Hypothetically, if we moved on to something else and we didn’t need the resources from the project, I would just delete the Cloud Formation stack and all of the resources are gone - as opposed to having all of this hardware sitting around.

4. You’re not taking into account either a global workforce or global customer base. At one company we had people working overseas, performance was horrible.

We created another account, duplicated our Dev infrastructure using CloudFormer and put everything in thier region. Of course I didn’t want to deal with it. We paid our Amazon Partner for a one time bucket of hours. Even our netops and infrastructure support is “elastic”.

The issue is, there are relatively few people that can run AWS well compared to the number of people who use AWS to run their business.

I blame “AWS Architects” who take thier on prem netops mindset to the cloud, developers who don’t know how to architect with elasticity in mind, and devops folks who don’t know how to use AWSs built in devops tools. There is no reason that costs shouldn’t go up linearly (at a lower slope) as the number of customers increase.
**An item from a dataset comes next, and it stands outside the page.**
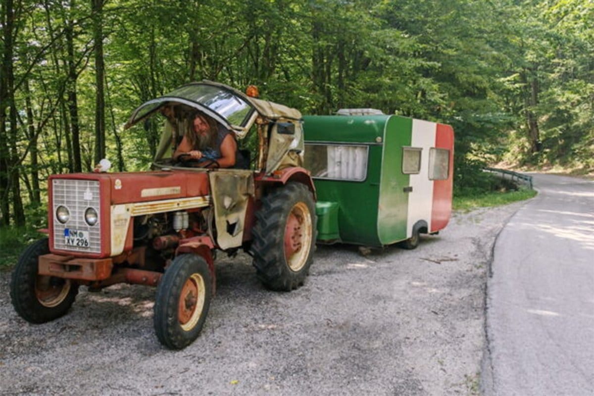 Neobična scena izmamila je osmijehe mještanima Kozarca kod Prijedora – stari traktor s njemačkim tablicama, koji vuče kamp-prikolicu u bojama italijanske zastave, polako je klizio glavnom ulicom. Za volanom – nasmijani Hansi Sielberhorn (56), poljoprivrednik iz Nirnberga, na životnoj misiji da svijet upoznaje sporo, ali srcem.

[1] and tends to scale very sub-linearly, often logarithmically if there's low diversity in model/configuration, with number of servers

If you have a stable workload, with predictable growth, and you’re a typical large enterprise, the cloud may not make sense (see GE’s Predix platform).

Also if you are a low margin B2C company it may not make sense at a certain scale.


> But you also have the turn around time to actual get the physical boxes and you can’t run experiments as easily.

That's a false dichotomy. There's nothing saying that, when one has physical infrastructure, that one cannot also use cloud infrastructure in cases where it's needed (and transition when it's not.. it's the transition part that's usually missing).

> Can you imagine the red tape and the time it would have taken to do that self hosted?

I don't have to imagine, as I have experience doing things self hosted. "Red tape" is just a political problem within a company, not a technical one. In some cases, even time is zero, if I happen to have spare hardware to lend.

Regardless, the whole experimentation situation is a strawman. It is, effectively, indistinguishable from early startup.

> 1. You’re not taking into account the total cost of an equivalent redundant system within a data center and between geographically redundant data centers

Nope. Always apples-to-apples. Physical DC redundancy costs something, but it's approximately linear. (Double for twice the price). Multi-cloud gets very costly in engineering time, too, if you want true redundancy in that context.

> 2. You’re overprovisioning and not architecting with the mindset of elasticity.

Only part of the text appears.